The Lease Operators’ proposal states that the offer is conditional upon, among other things, the completion of satisfactory confirmatory due diligence on Trinity by Lease Operators and a unanimous recommendation from the board. According to the Trinidadian firm, the precondition relating to its recommendation is not waivable but the precondition concerning due diligence is.

Touchstone noted that the possible offer is a “conditional, non-binding, indicative proposal” and subject to the completion of “satisfactory confirmatory due diligence,” expecting any firm offer announced by Lease Operators to be subject to certain regulatory approvals in the Republic of Trinidad and Tobago, in the same way as the acquisition scheme.

In light of the new development, Trinity’s board decided to reschedule the court hearing relating to the acquisition, originally scheduled for July 31, to August 23. The hearing was one of the preconditions for the transaction to close, as stated in the scheme document.
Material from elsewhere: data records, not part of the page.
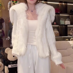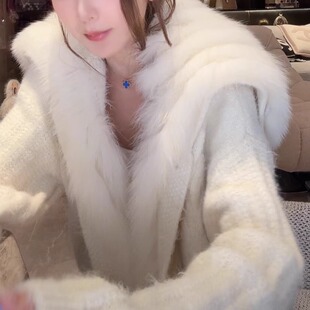 外套网红爆款 狐狸毛针织车条海军领短款 春秋新款 女 白月光
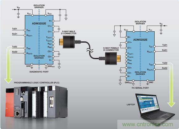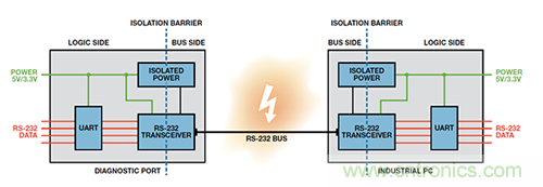 要提供隔離式 RS-232 通信接口,兩端的器件必須與所連的RS-232 電纜相互隔離。要隔離數(shù)據(jù)鏈路,則必須對數(shù)據(jù)信號線路和用于驅動該電纜的電源進行隔離。來自診斷端口上UART 的數(shù)據(jù)需要跨越隔離柵并傳輸至隔離總線側上的RS-232 收發(fā)器。本地 5 V/3.3 V 電源也需要跨越隔離柵來為隔離總線側上的 RS-232 收發(fā)器供電。工業(yè) PC 端也同樣需要如此:數(shù)據(jù)和電源均需要跨越隔離柵(圖 3).通過將器件與 RS-232 電纜網絡隔離開來,診斷端口和工業(yè) PC電路均受到保護,不受惡劣環(huán)境下可能耦合到 RS-232 電纜上的瞬變影響。隔離還可以中斷因診斷端口和工業(yè) PC 端存在不同接地電位而可能出現(xiàn)的接地環(huán)路。RS-232 總線上可能出現(xiàn)的高共模電壓不能跨越隔離柵,從而保護隔離數(shù)據(jù)的用戶。
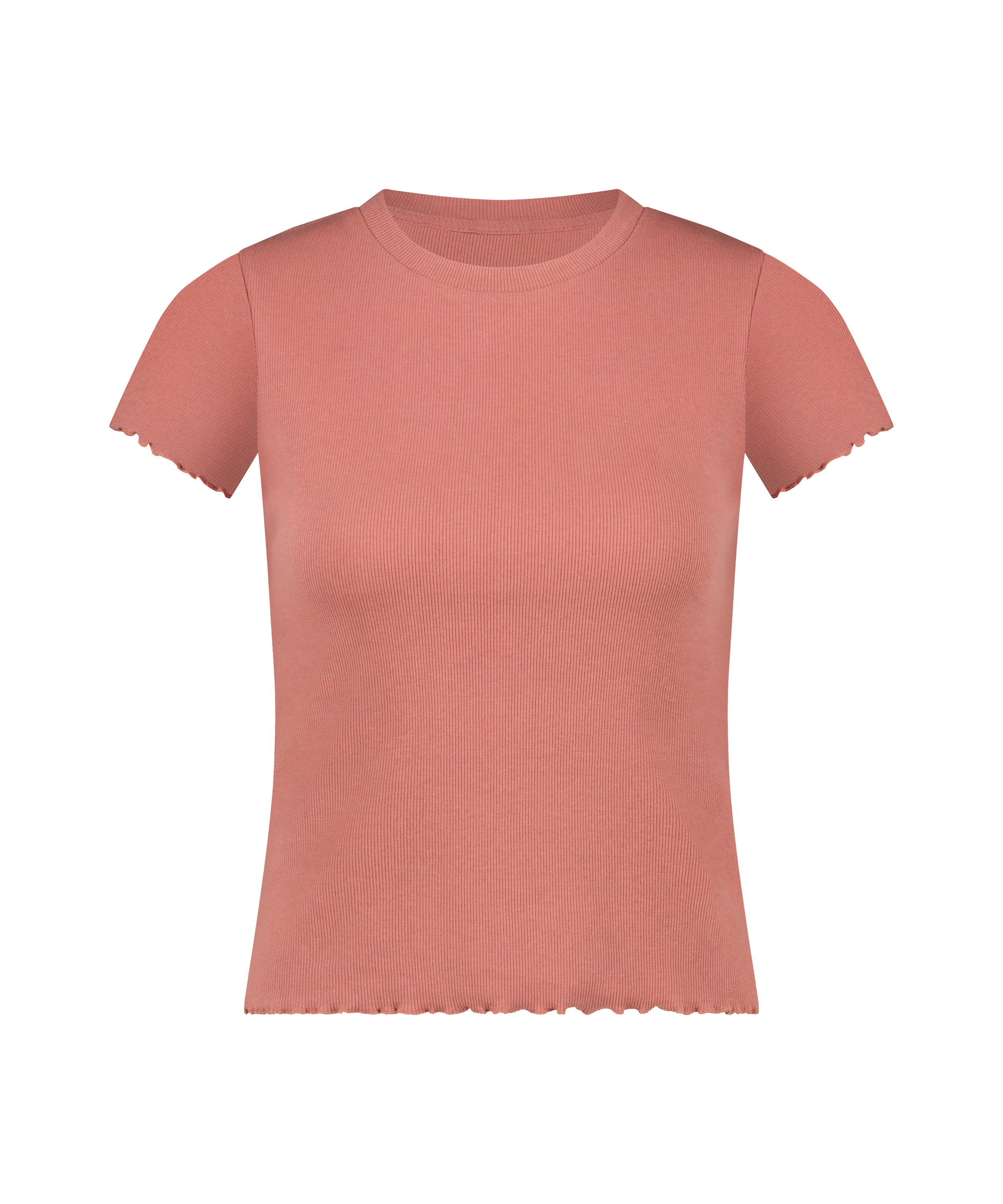 ¡Esta camiseta es súper cómoda! Está hecha de hermosos materiales elásticos de canalé y algodón y tiene lindos detalles en las mangas. ¡Combínala con artículos a juego para un conjunto fantástico!

Touchstone said that conditions relating to the approval by Trinity shareholders at the general meeting and court meeting on June 24, 2024, and all regulatory and antitrust conditions have been satisfied. Unless the Trinity board takes action, and subject to the court’s approval of the scheme at the court hearing, the scheme would have become effective as expected on August 1.

As highlighted by Trinity, on the date preceding the rescheduled court hearing date, Touchstone will have the option of invoking a condition referring to the hearing being held on or before the 22nd day after the expected date set out in the scheme document.